Below is the code implementation and explanation of the program for Binary Search in Java using the recursive approach:

import java.util.*; class PrepBytes { int binarySearch(int arr[], int l, int r, int x) { if (r >= l && l <= arr.length - 1) { int mid = l + (r - l) / 2; if (arr[mid] == x) return mid; if (arr[mid] > x) return binarySearch(arr, l, mid - 1, x); return binarySearch(arr, mid + 1, r, x); } return -1; } public static void main(String args[]) { PrepBytes ob = new PrepBytes(); int arr[] = { 2, 3, 4, 10, 40 }; int n = arr.length; int x = 10; int result = ob.binarySearch(arr, 0, n - 1, x); if (result == -1) System.out.println("Element not present"); else System.out.println("Element found at index " + result); } }

**Output**

`Element found at index 3`

**Explanation:** The above code is the implementation of Binary Search in Java. The class "PrepBytes" contains a method "binarySearch". The binary search method first checks if the starting index "l" is less than or equal to the ending index "r" and if the starting index "l" is less than or equal to the length of the array "arr". If not, it returns -1 indicating that the element is not present in the array.

If the above condition is true, it calculates the mid index using the formula (l + r) / 2. It then checks if the element at the mid index is equal to the element to be searched "x". If it is, it returns the mid-index.

If the element at the mid index is greater than the element to be searched "x", it means that the element can only be present in the left half of the array. Therefore, the method calls itself recursively with the left half of the array.

If the element at the mid index is smaller than the element to be searched "x", it means that the element can only be present in the right half of the array. Therefore, the method calls itself recursively with the right half of the array.

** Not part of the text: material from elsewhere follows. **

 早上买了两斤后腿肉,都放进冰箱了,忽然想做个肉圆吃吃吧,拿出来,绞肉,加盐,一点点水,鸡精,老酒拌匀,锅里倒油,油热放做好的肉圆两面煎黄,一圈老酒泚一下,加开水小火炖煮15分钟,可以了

## Program for Binary Search in Java Using Iterative Approach

Below is the code implementation and explanation of the program for Binary Search in Java using the iterative approach:

class PrepBytes { int binarySearch(int arr[], int x) { int l = 0, r = arr.length - 1; while (l <= r) { int m = l + (r - l) / 2; if (arr[m] == x) return m; if (arr[m] < x) l = m + 1; else r = m - 1; } return -1; } public static void main(String args[]) { PrepBytes ob = new PrepBytes(); int arr[] = { 2, 3, 4, 10, 40 }; int n = arr.length; int x = 10; int result = ob.binarySearch(arr, x); if (result == -1) System.out.println("Element not present"); else System.out.println("Element found at index " + result); } }

**Output**

`Element is found at index 3`

**Explanation:** The above code is an implementation of Binary Search in Java. The class "PrepBytes" contains a method "binarySearch". The binary search method first initializes two variables "l" and "r" to 0 and "arr.length – 1" respectively. It then enters into a while loop that executes until the value of "l" is less than or equal to the value of "r".

Inside the loop, the method calculates the mid index "m" using the formula (l + r) / 2. It then checks if the element at the mid index is equal to the element to be searched "x". If it is, it returns the mid-index.

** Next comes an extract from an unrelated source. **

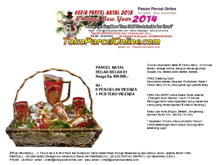 PARCEL NATAL PECAH BELAH 01 Harga Rp 450. 000, Isi : 6 PCS GELAS VICENZA 1 PCS TEKO VICENZA Cocok untuk kado Natal & Tahun Baru 2014 buat teman, kolega bisnis, ataupun keluarga anda (bapak, ibu, kakak, adik, kakek, nenek). FREE Greeting Card Decorative basket (Nuansa Christmas / Natal / Tahun Baru 2014 ) dibungkus dgn plastik wrap FREE DELIVERY untuk Dalam Kota Jakarta. (*Dengan Kurir Sendiri 1 kurir =1 Parcel Sehingga lebih bisa dipastikan yang menerima orang yang bersangkutan & bisa di tracking ) Kalau luar kota (Bogor, Bekasi, Tangerang) tambah Rp. 50. 000, - s/d Rp. 100 ribu * Dapatkan "Promo Discount Akhir Tahun" Untuk keterangan lebih lanjut hubungi kami sekarang juga ! Office / Workshop : Jl. Yacob No 4 A Rt. 4 Rw. 8 Kel. Sukabumi Utara Dekat Pasar Bunga Rawabelong Kec. Kebun Jeruk, Jakarta Barat 11540 SMS/CALL : 081289192562 (Simpati) 021 -68291912 (Fleksi) 08179958589 (XL) 0812 83 676719 ( SIMPATI ) 021 -98043449 ( ESIA ) PIN BB : 29369921 email : order@tokoparcelonline. com atau email : order@parcelindonesia. com

If the element at the mid index is smaller than the element to be searched "x", it means that the element can only be present in the right half of the array. Therefore, the method updates the value of "l" to "m + 1".

If the element at the mid index is greater than the element to be searched "x", it means that the element can only be present in the left half of the array. Therefore, the method updates the value of "r" to "m – 1".

If the element is not found in the array, the while loop will terminate, and the method will return -1 indicating that the element is not present in the array.

## Time Complexity for Binary Search in Java

Scenario | Time Complexity |
---|---|

Best Case | O(1) |

Average Case | O(logn) |

Worst Case | O(logn) |

**Best Case Complexity** – In a binary search, the best case scenario is when the searchable element is discovered in the first comparison, or when the first middle element is in fact the searchable element. Binary search has a best-case temporal complexity of O(1).

**Average Case Complexity** – For a binary search, the average case time complexity is O(logn).

**Worst Case Complexity** – The worst case scenario for binary search is when we have to continuously narrow the search space until there is just one element. Binary search has a worst-case temporal complexity of O(logn).

## Space Complexity for Binary Search in Java

The Space complexity for coding binary search program in Java is O(1).

**Tips:** On sorted array elements, binary search can be applied. We must first sort the list elements if they are not already organized in a sorted fashion.

**Conclusion**

In conclusion, Binary Search is a highly efficient algorithm for searching a specific element in a sorted array. With its O(log n) time complexity, it is widely used in various computer science applications. Both recursive and iterative approaches can be used to implement Binary Search in Java, making it a versatile tool for developers.

## FAQs

Here are some frequently asked questions on Binary Search in Java.

**Q1: Can Binary Search be used for an unsorted array in Java?**

**Ans:** No, Binary Search cannot be used for an unsorted array in Java. It only works with a sorted array.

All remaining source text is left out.